Intro to the fine art of grappling, starting with some basic mechanics
Simply put, grappling puts two or more combattants at a severe disadvantage. While in a grappled state a combatant loses his Dexterity bonus to AC, may only use light or smaller weapons, cannot move without breaking the grapple, and threatens nothing for the purposes of attacks of opportunity.
While grappling, you pretty much have x options:
- Deal Damage by attacking or grappling to damage. Attacks are limited to light weapons (at least one size category smaller than the attacker).

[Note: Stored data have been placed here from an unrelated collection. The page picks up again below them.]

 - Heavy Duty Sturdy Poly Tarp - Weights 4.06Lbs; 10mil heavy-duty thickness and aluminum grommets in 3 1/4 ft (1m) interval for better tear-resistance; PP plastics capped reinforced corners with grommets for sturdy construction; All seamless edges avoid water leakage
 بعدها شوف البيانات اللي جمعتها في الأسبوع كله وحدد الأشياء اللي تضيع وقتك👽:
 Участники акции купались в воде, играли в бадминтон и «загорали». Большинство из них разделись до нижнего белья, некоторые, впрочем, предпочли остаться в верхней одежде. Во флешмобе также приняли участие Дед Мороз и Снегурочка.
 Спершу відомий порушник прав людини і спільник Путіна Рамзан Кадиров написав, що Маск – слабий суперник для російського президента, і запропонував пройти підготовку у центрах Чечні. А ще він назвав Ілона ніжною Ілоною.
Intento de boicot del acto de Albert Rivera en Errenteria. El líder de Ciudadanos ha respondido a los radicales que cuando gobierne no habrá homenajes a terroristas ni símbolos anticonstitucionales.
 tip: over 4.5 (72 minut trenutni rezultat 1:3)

- Cast Spellsthough at a disadvantage. Only spells with no somatic (gesture) components are allowed, and even then a concentration check has to be made (as if casting defensively) to get the spell off at all.

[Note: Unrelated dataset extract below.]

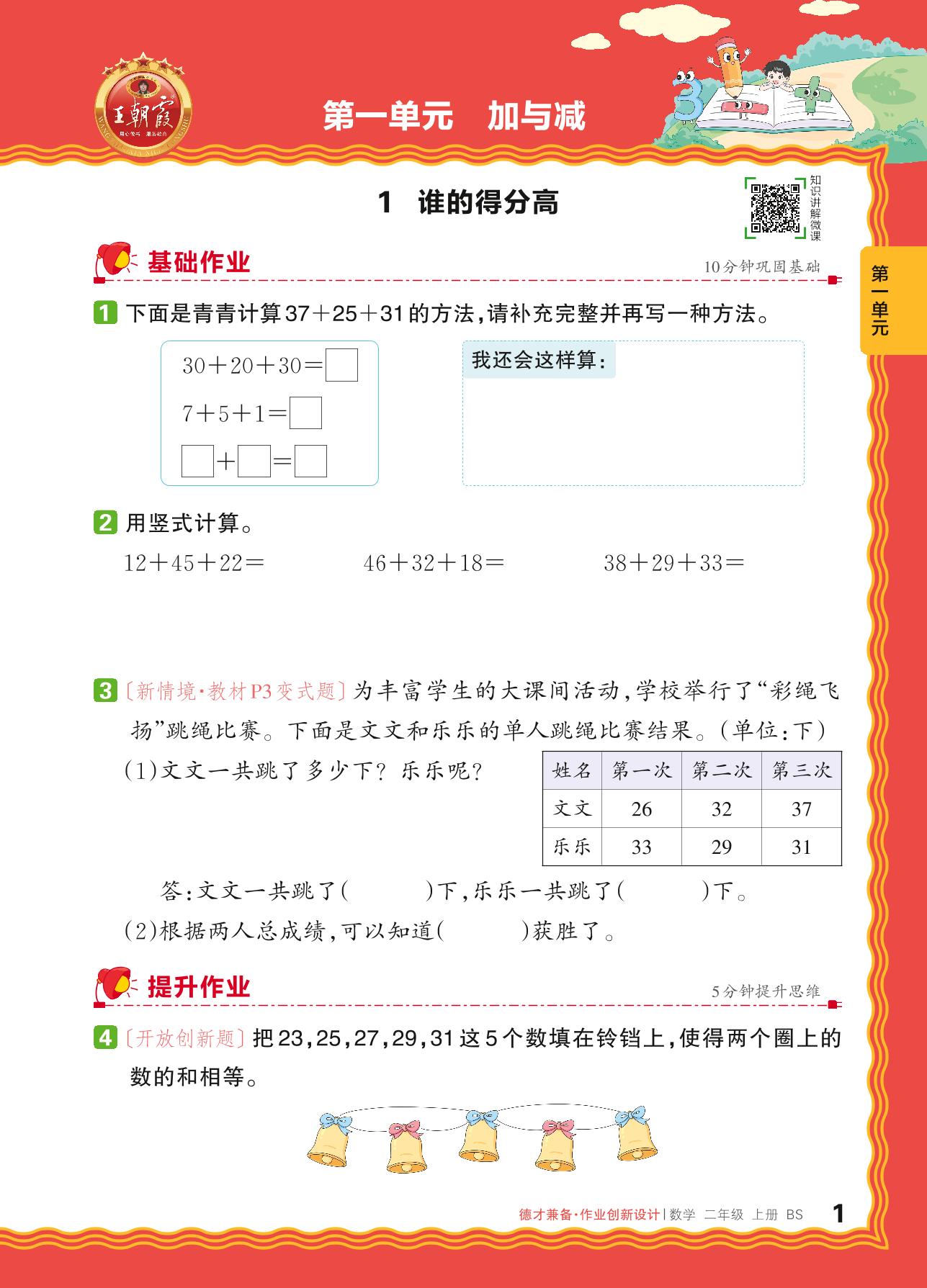 2024秋上册二年级数学北师版 第一单元 加与减——1. 谁的得分高_R240819141839583
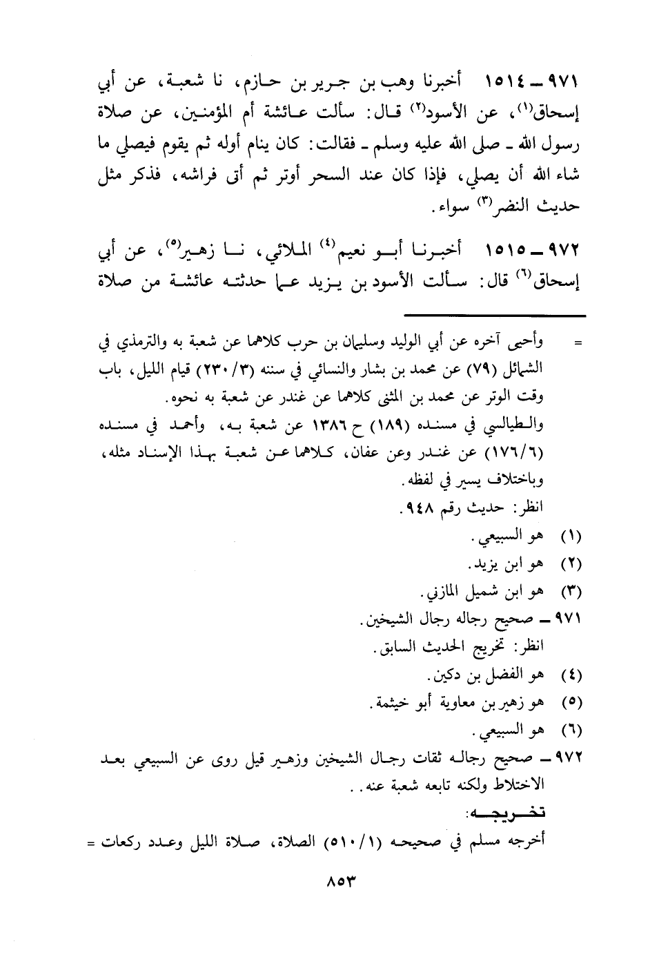1514 - أَخْبَرَنَا وَهْبُ بْنُ جَرِيرِ بْنِ حَازِمٍ، نا شُعْبَةُ، عَنْ أَبِي إِسْحَاقَ، عَنِ الْأَسْوَدِ، قَالَ: سَأَلْتُ عَائِشَةَ أُمَّ الْمُؤْمِنِينَ عَنْ صَلَاةِ رَسُولِ اللَّهِ صَلَّى اللهُ عَلَيْهِ وَسَلَّمَ، فَقَالَتْ: «§كَانَ يَنَامُ أَوَّلَهُ ثُمَّ يَقُومُ فَيُصَلِّي مَا شَاءَ اللَّهُ أَنْ يُصَلِّي فَإِذَا كَانَ عِنْدَ السَّحَرِ أَوْتَرَ ثُمَّ أَتَى فِرَاشَهُ» فَذَكَرَ مِثْلَ حَدِيثِ النَّضْرِ سَوَاءً

- Pin your opponent, making them utterly immobile for 1 round.
- Break Pin and thereby negate a pinned state.
- Escape Grapple with either an opposed grapple check or an escape artist check, ending the grappled state.

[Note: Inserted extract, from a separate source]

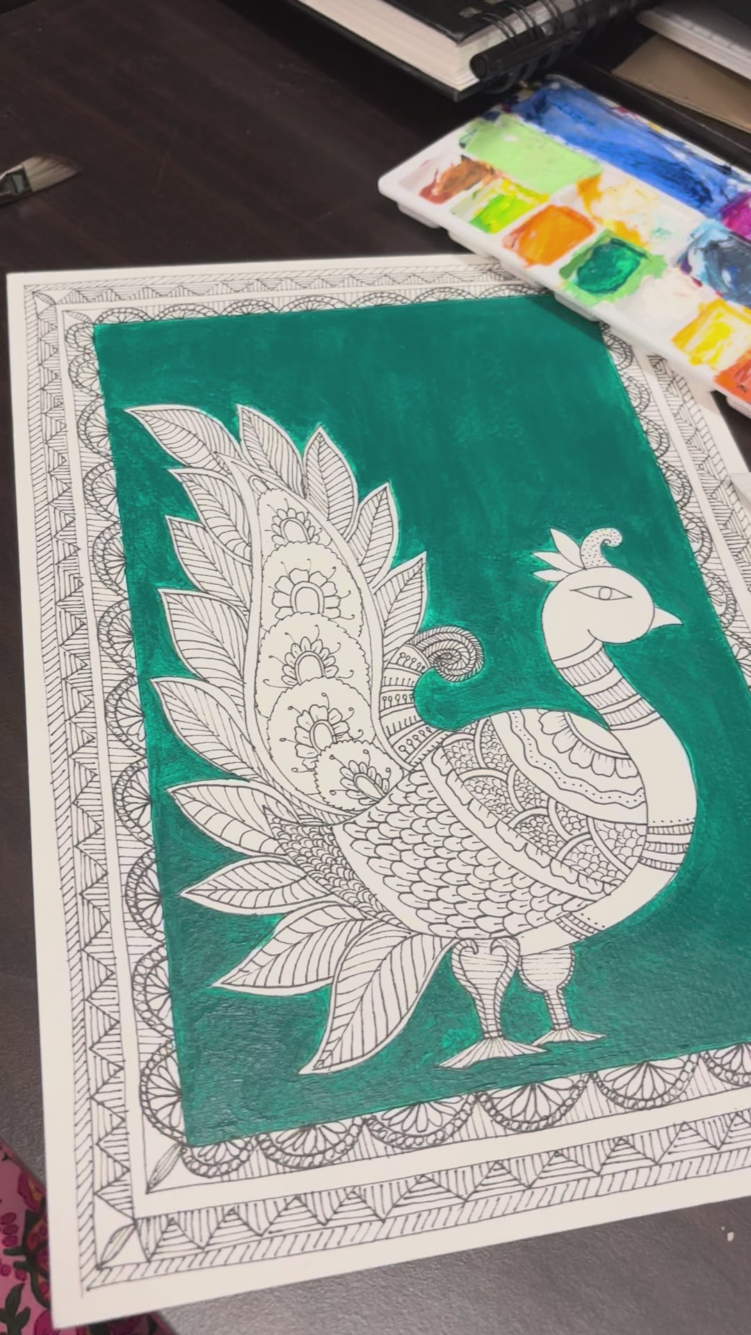“Mayura” (मयूर) - Sanskrit for peacock - is a symbol of beauty, grace, and abundance in Indian art and mythology. This artwork draws from the Madhubani painting tradition, using intricate line patterns and a deep emerald backdrop to highlight the elegance of the peacock, India’s national bird.
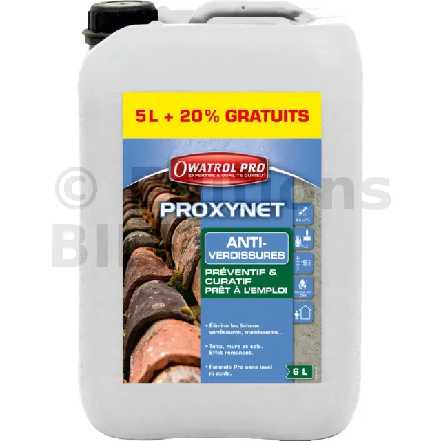 PROXYNET : Anti-verdissures PRET A L’EMPLOI. Préventif / Curatif. Effet remanent - Toits / façades / murs / sols... - Réf. OXPROMOUS6

Initiating a grapply starts with a melee touch attack (normally AC10 + dex modifier, though magic can come into play). This attack provokes an attack of opportunity, and if the attack of opportunity lands, the grapple attempt fails.
Grappling checks are simply Base Attack Bonus + Strength Bonus + Size Modifier (+/- 4 per size category). Make an opposed Grapple check between the involved combatants. If the attacker wins, the grapple is on.
Once grappled, the four options above are all the combatants have, though the attacker can choose to drop the grapple on his own turn if he pleases.
Two opponents who are grappling occupy the same space, with the attacker moving into the space occupied by the object of the attack. If this extra movement would normally cause an attack of opportunity, everybody but the grappled defender gets their free shots off as usual.
Overall, it looks pretty bad, and consequently a lot of people don’t even consider grappling when they enter a combat situation.